Ich hatte ihm also die Chance und genügend Zeit gegeben - durch mein gelassenes Dasitzen und geduldiges, in sich ruhendes Warten - seine Sprache wieder zu finden und diese dann möglichst verständlich zu gebrauchen. Vergebens. Also ergriff ich dann doch, ganz untypisch für mich, als Erste das Wort.
„Angenehm, Lia“ - mit einer kleinen, angedeuteten Verneigung verbunden. Gut, es war im Grunde nur ein leichtes Nicken, aber das musste erst mal reichen.
„Ähm... ich... du und diese...“, er schaute den Baum hinunter, den Ferdi gerade hinab gestiegen war.
„Katze?“ setzte ich seinen Satz fort, oder das was er dafür hielt.

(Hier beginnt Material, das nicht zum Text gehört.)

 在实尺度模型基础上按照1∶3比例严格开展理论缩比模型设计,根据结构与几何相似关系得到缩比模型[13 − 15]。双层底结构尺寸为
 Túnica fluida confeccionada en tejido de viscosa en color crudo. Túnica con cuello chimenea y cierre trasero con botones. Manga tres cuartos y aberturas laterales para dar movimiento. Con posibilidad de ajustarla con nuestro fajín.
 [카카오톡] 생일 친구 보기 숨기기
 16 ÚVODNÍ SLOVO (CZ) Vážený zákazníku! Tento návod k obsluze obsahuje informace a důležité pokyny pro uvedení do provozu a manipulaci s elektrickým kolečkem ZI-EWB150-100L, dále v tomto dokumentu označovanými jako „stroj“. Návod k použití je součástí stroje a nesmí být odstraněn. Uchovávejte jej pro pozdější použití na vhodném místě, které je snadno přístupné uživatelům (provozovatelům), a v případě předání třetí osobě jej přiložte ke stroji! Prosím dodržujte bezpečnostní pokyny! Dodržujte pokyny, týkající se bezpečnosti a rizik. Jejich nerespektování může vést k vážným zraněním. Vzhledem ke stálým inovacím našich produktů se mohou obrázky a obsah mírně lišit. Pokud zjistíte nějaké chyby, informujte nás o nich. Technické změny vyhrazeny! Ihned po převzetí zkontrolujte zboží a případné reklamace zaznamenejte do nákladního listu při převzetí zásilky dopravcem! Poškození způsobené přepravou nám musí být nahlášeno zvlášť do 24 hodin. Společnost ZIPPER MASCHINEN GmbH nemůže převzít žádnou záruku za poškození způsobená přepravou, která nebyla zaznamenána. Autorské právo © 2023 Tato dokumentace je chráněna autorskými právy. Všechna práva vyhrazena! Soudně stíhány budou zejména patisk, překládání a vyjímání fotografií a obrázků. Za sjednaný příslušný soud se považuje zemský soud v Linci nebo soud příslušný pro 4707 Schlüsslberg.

„Ja, diese Katze, Ferdinand?“
„Genau genommen ist es ein Kater und er legt da auch echt wert drauf, wenn ich dir den Tipp geben darf.“
„Ihr habt.. ihr seid – befreundet?!“ brach es aus ihm erstaunt hervor, als ob das etwas wäre, was es nur einmal auf der Welt gäbe, oder eigentlich gar nicht geben durfte. Zugegeben, Freundschaften zwischen Raubtieren und deren potentiellem Futter waren eher selten.

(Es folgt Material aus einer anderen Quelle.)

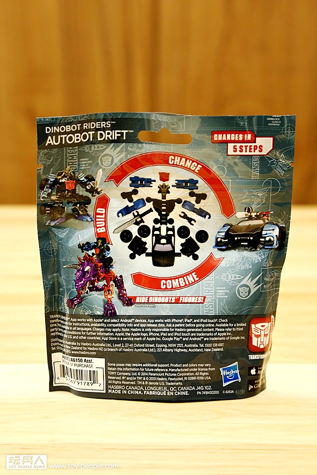▼ 首先是DINOBOT RIDERS:基本組,這是組合機器人系列(CONSTRUCT-BOTS)最小的基本款式,小編在此介紹的是第4集登場的新角色“甩尾”(Drift)。(他的商品好多... 看來將會在第4集中有相當多的戲份?)
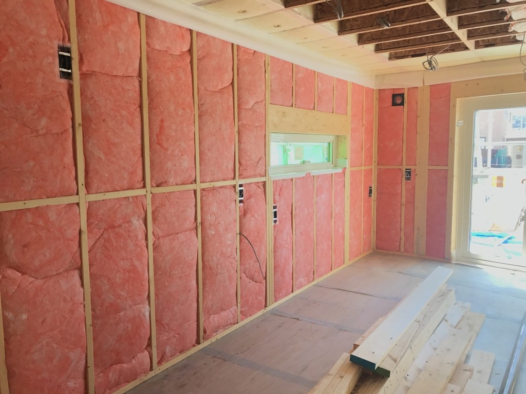 標準仕様はありませんが、外壁は2インチ×6インチ(約38mm×140mm)の規格で施工するため、壁の中に140ミリの断熱材を充填します。さらに、建て主様と相談し付加断熱(30ミリなど)を採用するケースが多くなっています。
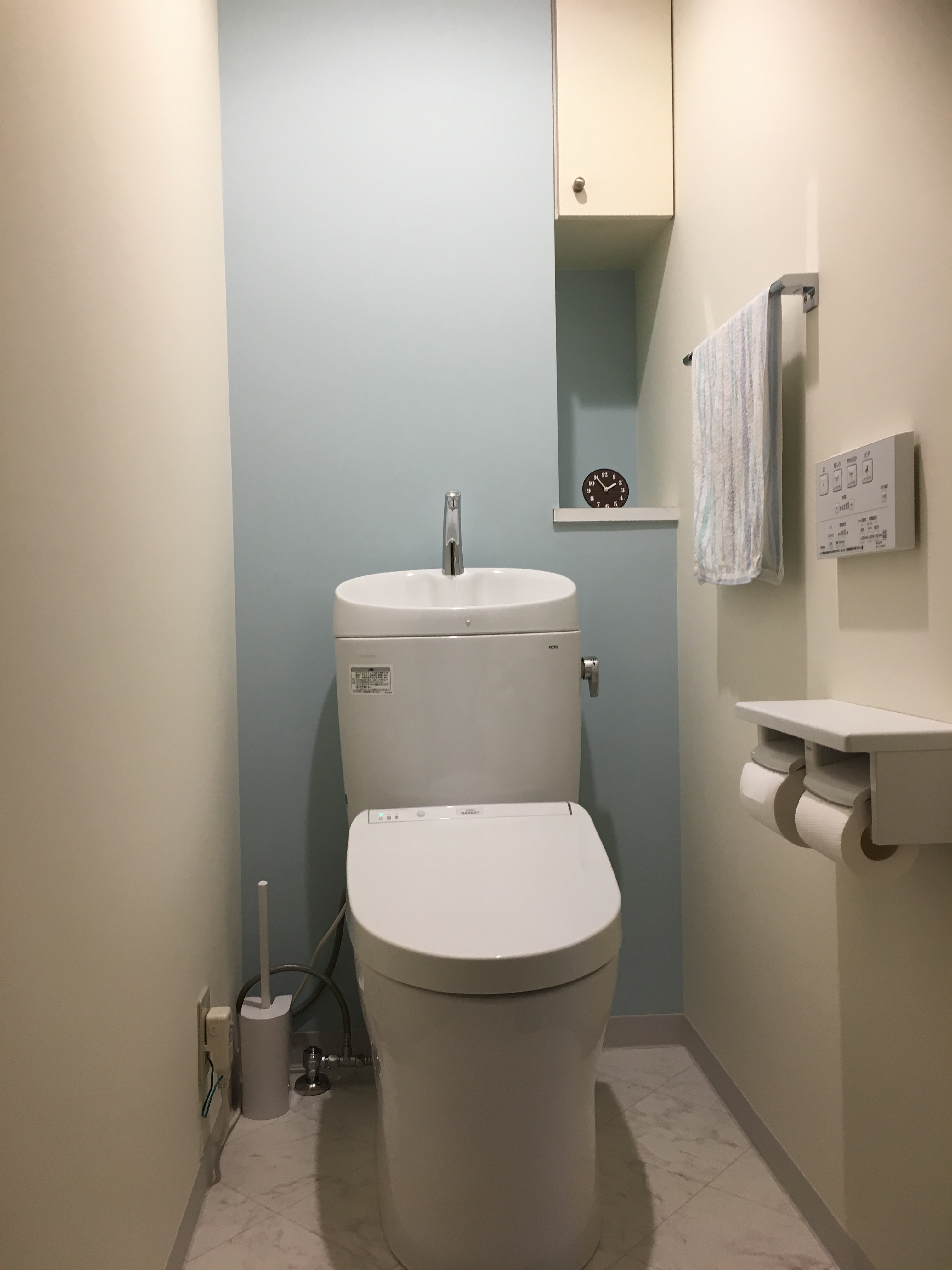 また洗面のキャビネットはお客様がご自身で用意され、そちらを取付させていただきました!

„Seit über einem Jahr, ja... er hat mir das Leben gerettet.“
Ups, warum habe ich im das gerade erzählt? dachte ich plötzlich. Einem Wildfremden, auch wenn es ein drolliger Spatzenmann war, sollte man so etwas eigentlich nicht schon nach ein paar gewechselten Sätzen anvertrauen. Zumal die Gefahr bestand, dass er mich über das Wie und Warum und Wann und so weiter jetzt ausfragen würde. Aber das tat er nicht. Er nahm die Tatsache vorerst einfach so hin. Vermutlich schoben sich dort oben in seinem hübschen Kopf gerade erst die Bausteine an die dafür vorgesehenen Stellen, um die Situation ganz begreifen zu können. Es war also noch etwas Zeit, die bohrenden Fragen würden dann später kommen.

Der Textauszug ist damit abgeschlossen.